From: Matthew Wilcox <matthew@wil.cx>
To: Min Zhang <mzhang@mvista.com>
Cc: Boaz Harrosh <bharrosh@panasas.com>, Tejun Heo <tj@kernel.org>,
James Bottomley <James.Bottomley@suse.de>,
linux-scsi@vger.kernel.org
Subject: Re: [PATCH] scsi: timeout reset timer before command is queued
Date: Mon, 14 Dec 2009 19:21:27 -0700 [thread overview]
Message-ID: <20091215022126.GK7812@parisc-linux.org> (raw)
In-Reply-To: <4B26E38C.1000605@mvista.com>
On Mon, Dec 14, 2009 at 05:17:00PM -0800, Min Zhang wrote:
> diff --git a/drivers/scsi/scsi.c b/drivers/scsi/scsi.c
> index dd098ca..9be78a5 100644
> --- a/drivers/scsi/scsi.c
> +++ b/drivers/scsi/scsi.c
> @@ -743,6 +743,9 @@ int scsi_dispatch_cmd(struct scsi_cmnd *cmd)
> */
> scsi_cmd_get_serial(host, cmd);
>
> + /* Timeout error handler can start processing cmd now */
> + cmd->eh_eflags &= ~SCSI_EH_RESET_TIMER;
> +
> if (unlikely(host->shost_state == SHOST_DEL)) {
> cmd->result = (DID_NO_CONNECT << 16);
> scsi_done(cmd);
Your whitespace seems badly damaged here. Could you fix that?
> diff --git a/drivers/scsi/scsi_error.c b/drivers/scsi/scsi_error.c
> index 1b0060b..94dca64 100644
> --- a/drivers/scsi/scsi_error.c
> +++ b/drivers/scsi/scsi_error.c
> @@ -128,6 +128,14 @@ enum blk_eh_timer_return scsi_times_out(struct
> request *req)
>
> scsi_log_completion(scmd, TIMEOUT_ERROR);
>
> + /*
> + * Extend timeout if cmd has not been queued yet, otherwise error
> + * handler could complete request and free the cmd memory while
> + * the dispatch handler still uses the cmd pointer.
> + */
> + if (scmd->eh_eflags | SCSI_EH_RESET_TIMER)
> + return BLK_EH_RESET_TIMER;
> +
> if (scmd->device->host->transportt->eh_timed_out)
> rtn = scmd->device->host->transportt->eh_timed_out(scmd);
> else if (scmd->device->host->hostt->eh_timed_out)
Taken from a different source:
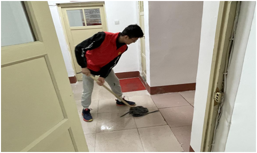 在活动过程中,学生党员们充分发扬不怕苦、不怕累的精神,大家分工明确,拖地、清扫门窗、擦拭桌椅,无论是积灰的角落,还是难以清理的窗沿,他们都认真仔细进行打扫,一尘不染。在大家齐心协力合作下,离退休工作处环境焕然一新。活动结束后,学生党员黄栋表示:“劳动中虽然有些辛苦,但我们也收获了满满的成就感。今后要以自己的实际行动践行党员的先锋模范作用,展现新时代学生党员的责任与担当。”
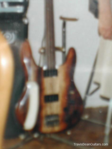 Fretless bass with ebony fretboard. Was tri-colored Koa and bookmatched with a Glen Scuirba TB Artist (number unknown) and was used for display at a NAMM show.

> diff --git a/drivers/scsi/scsi_lib.c b/drivers/scsi/scsi_lib.c
> index 5987da8..a369e0c 100644
> --- a/drivers/scsi/scsi_lib.c
> +++ b/drivers/scsi/scsi_lib.c
> @@ -492,11 +492,13 @@ void scsi_next_command(struct scsi_cmnd *cmd)
> {
> struct scsi_device *sdev = cmd->device;
> struct request_queue *q = sdev->request_queue;
> + struct request *req = cmd->request;
>
> /* need to hold a reference on the device before we let go of the
> cmd */
> get_device(&sdev->sdev_gendev);
>
> scsi_put_command(cmd);
> + req->special = NULL;
> scsi_run_queue(q);
>
> /* ok to remove device now */
> @@ -1487,6 +1489,13 @@ static void scsi_request_fn(struct request_queue *q)
> continue;
> }
>
> + /*
> + * Prevent timeout error handler from processing
> + * the cmd until it is queued in scsi_dispatch_cmd,
> + * otherwise cmd pointer might be freed by error handle
> + */
> + cmd = req->special;
> + cmd->eh_eflags |= SCSI_EH_RESET_TIMER;
>
> /*
> * Remove the request from the request list.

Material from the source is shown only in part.